- **Work order**: The reply should hold every entry exactly as written and none of the pictures.

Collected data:
☆ ☆ ☆ ☆ ☆ ☆ ☆

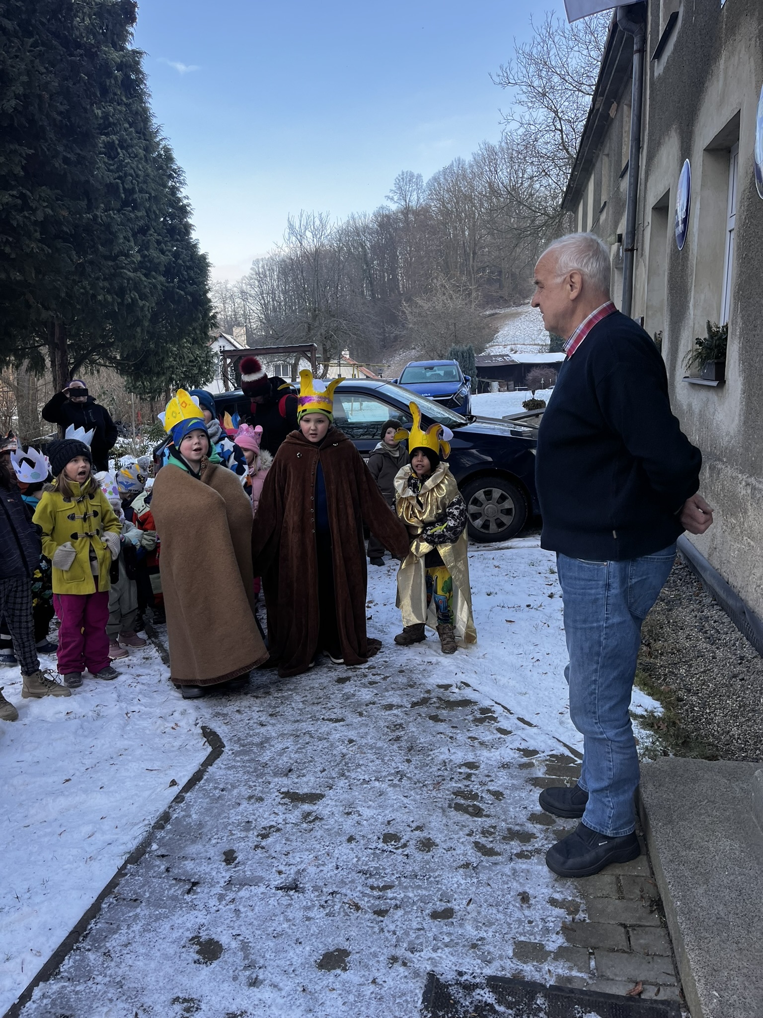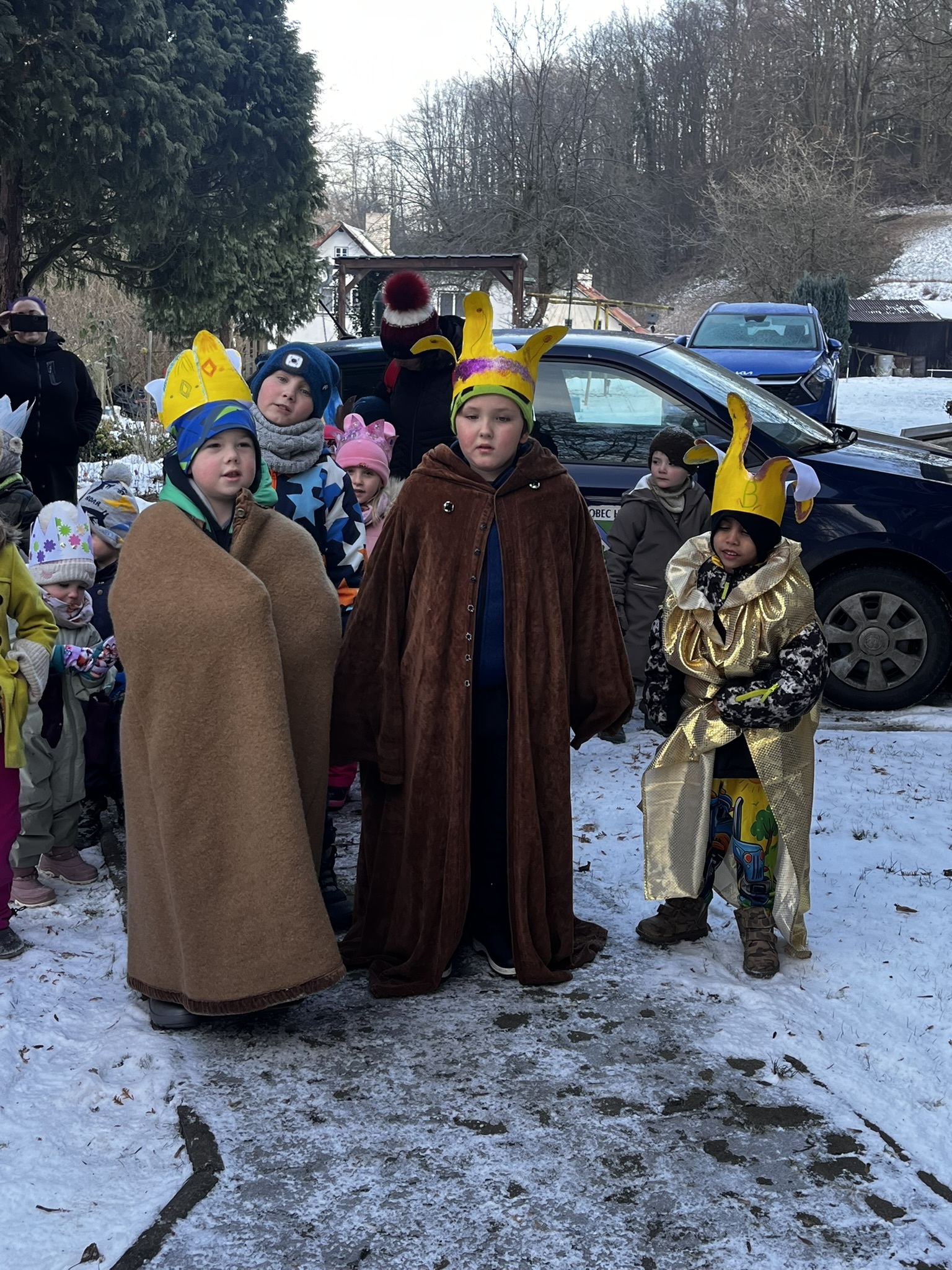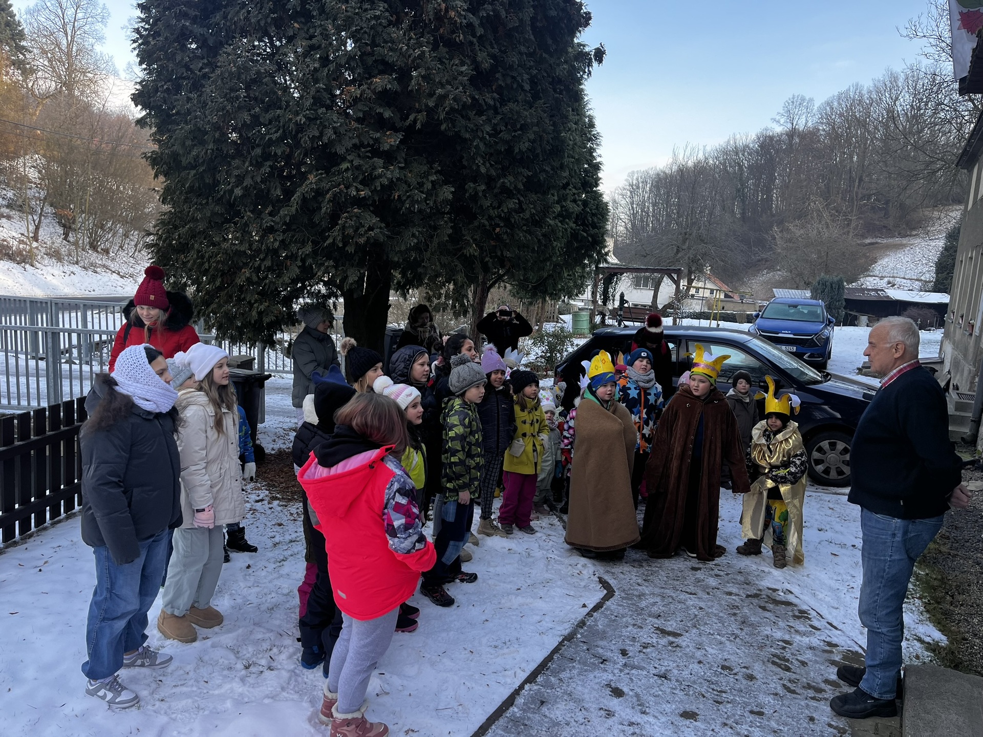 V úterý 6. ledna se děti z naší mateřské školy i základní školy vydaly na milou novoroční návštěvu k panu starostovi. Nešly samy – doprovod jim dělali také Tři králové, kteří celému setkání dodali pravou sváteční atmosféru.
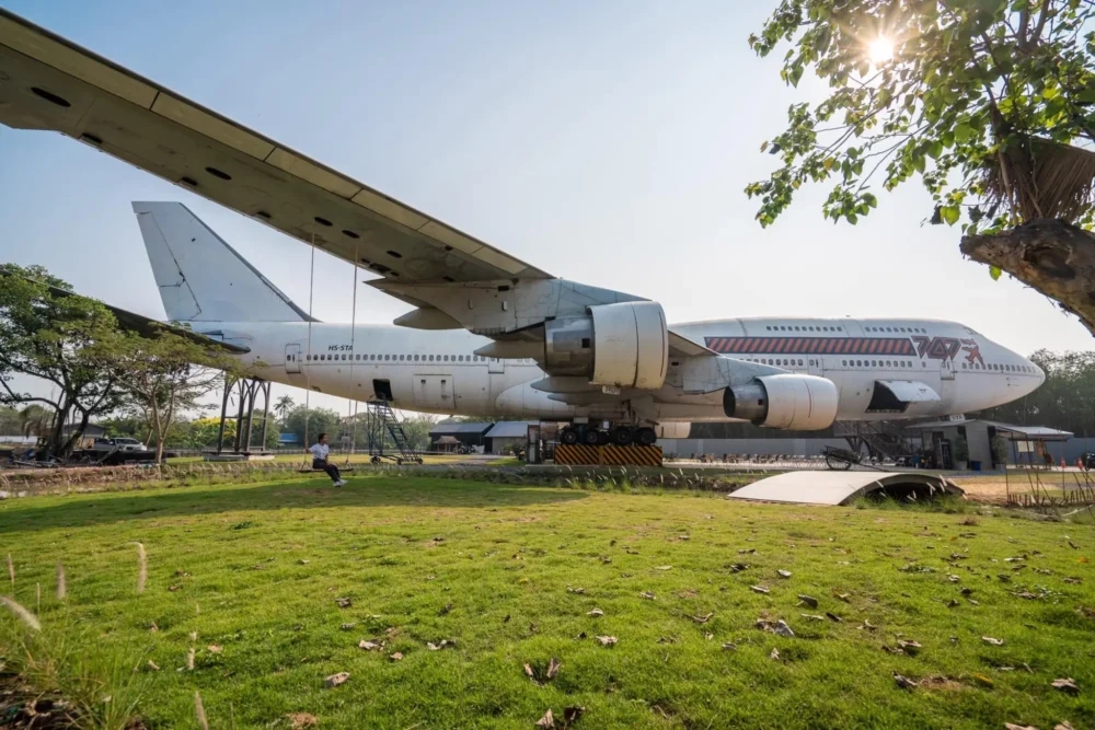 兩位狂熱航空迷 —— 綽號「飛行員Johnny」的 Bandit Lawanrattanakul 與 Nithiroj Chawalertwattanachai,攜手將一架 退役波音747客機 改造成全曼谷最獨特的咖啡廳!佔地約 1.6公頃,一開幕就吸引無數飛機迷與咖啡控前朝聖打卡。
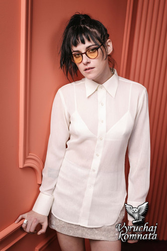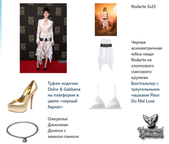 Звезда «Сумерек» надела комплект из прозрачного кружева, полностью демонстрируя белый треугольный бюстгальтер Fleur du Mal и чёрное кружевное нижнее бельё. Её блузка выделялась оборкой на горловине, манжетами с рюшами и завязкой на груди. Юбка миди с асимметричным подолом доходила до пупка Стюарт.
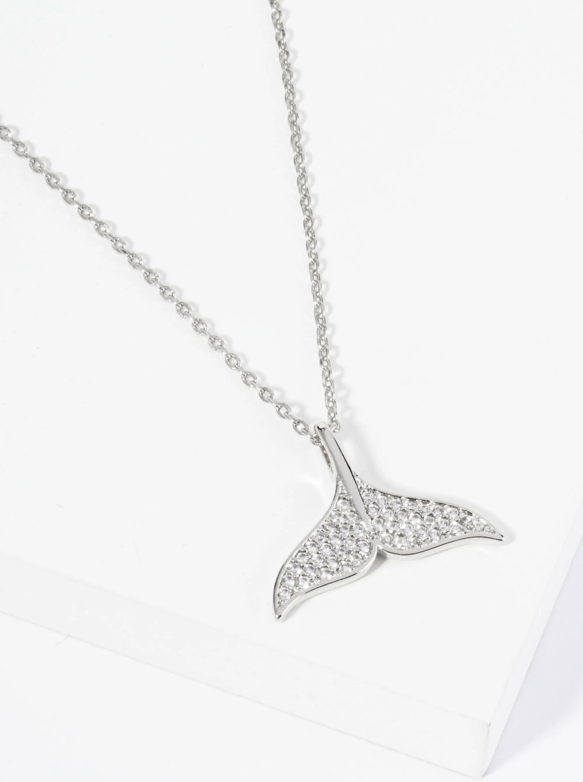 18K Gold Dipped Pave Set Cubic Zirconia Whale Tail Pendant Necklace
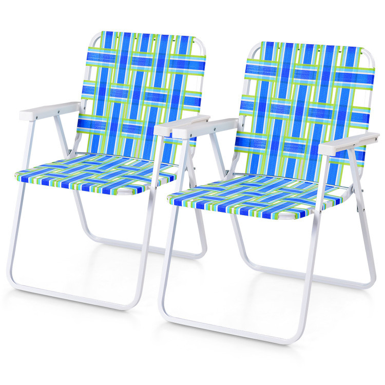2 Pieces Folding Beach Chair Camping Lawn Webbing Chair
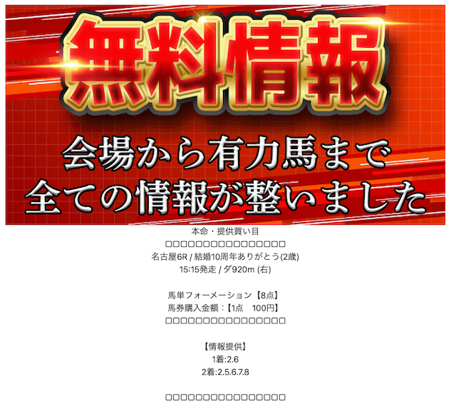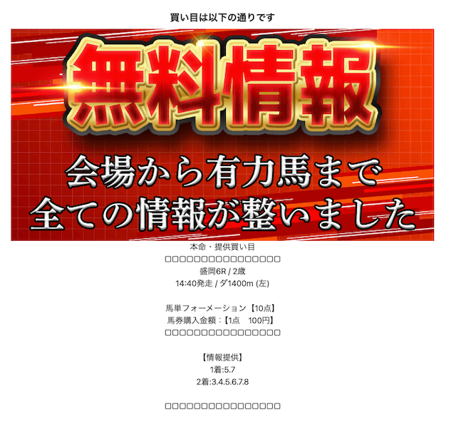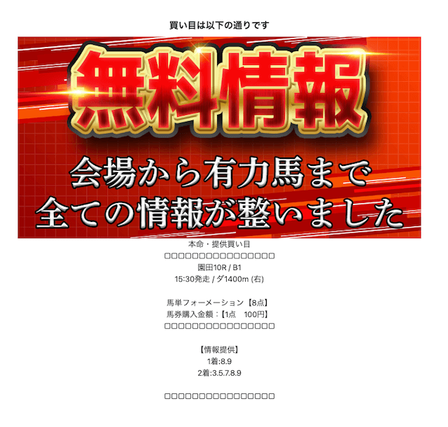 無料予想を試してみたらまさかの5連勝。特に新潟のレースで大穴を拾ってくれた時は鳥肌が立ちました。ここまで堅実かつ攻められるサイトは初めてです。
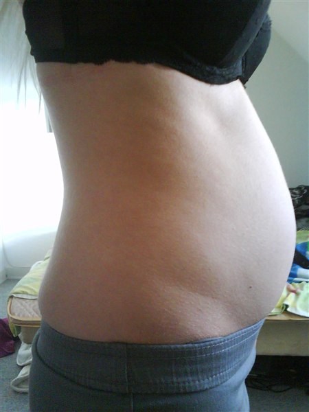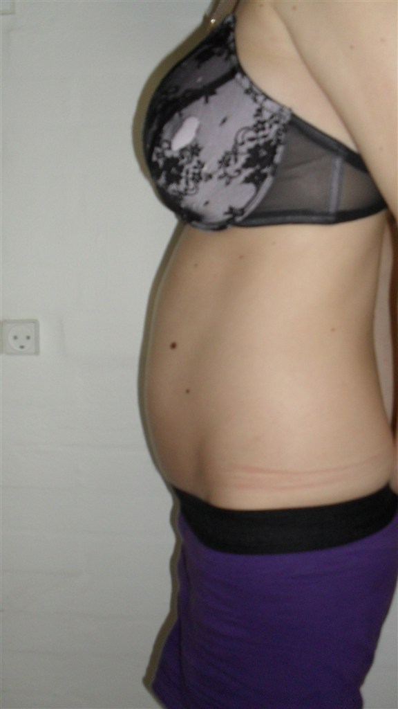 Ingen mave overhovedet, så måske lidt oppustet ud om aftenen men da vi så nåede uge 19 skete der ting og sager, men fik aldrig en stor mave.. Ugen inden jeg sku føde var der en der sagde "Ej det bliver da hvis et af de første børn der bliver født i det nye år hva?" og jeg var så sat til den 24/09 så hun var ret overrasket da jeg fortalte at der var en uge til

☆ ☆ ☆ ☆ ☆ ☆ ☆

- **Solved problem**:
 V úterý 6. ledna se děti z naší mateřské školy i základní školy vydaly na milou novoroční návštěvu k panu starostovi. Nešly samy – doprovod jim dělali také Tři králové, kteří celému setkání dodali pravou sváteční atmosféru.
 兩位狂熱航空迷 —— 綽號「飛行員Johnny」的 Bandit Lawanrattanakul 與 Nithiroj Chawalertwattanachai,攜手將一架 退役波音747客機 改造成全曼谷最獨特的咖啡廳!佔地約 1.6公頃,一開幕就吸引無數飛機迷與咖啡控前朝聖打卡。
 Звезда «Сумерек» надела комплект из прозрачного кружева, полностью демонстрируя белый треугольный бюстгальтер Fleur du Mal и чёрное кружевное нижнее бельё. Её блузка выделялась оборкой на горловине, манжетами с рюшами и завязкой на груди. Юбка миди с асимметричным подолом доходила до пупка Стюарт.
 18K Gold Dipped Pave Set Cubic Zirconia Whale Tail Pendant Necklace
2 Pieces Folding Beach Chair Camping Lawn Webbing Chair
 無料予想を試してみたらまさかの5連勝。特に新潟のレースで大穴を拾ってくれた時は鳥肌が立ちました。ここまで堅実かつ攻められるサイトは初めてです。
 Ingen mave overhovedet, så måske lidt oppustet ud om aftenen men da vi så nåede uge 19 skete der ting og sager, men fik aldrig en stor mave.. Ugen inden jeg sku føde var der en der sagde "Ej det bliver da hvis et af de første børn der bliver født i det nye år hva?" og jeg var så sat til den 24/09 så hun var ret overrasket da jeg fortalte at der var en uge til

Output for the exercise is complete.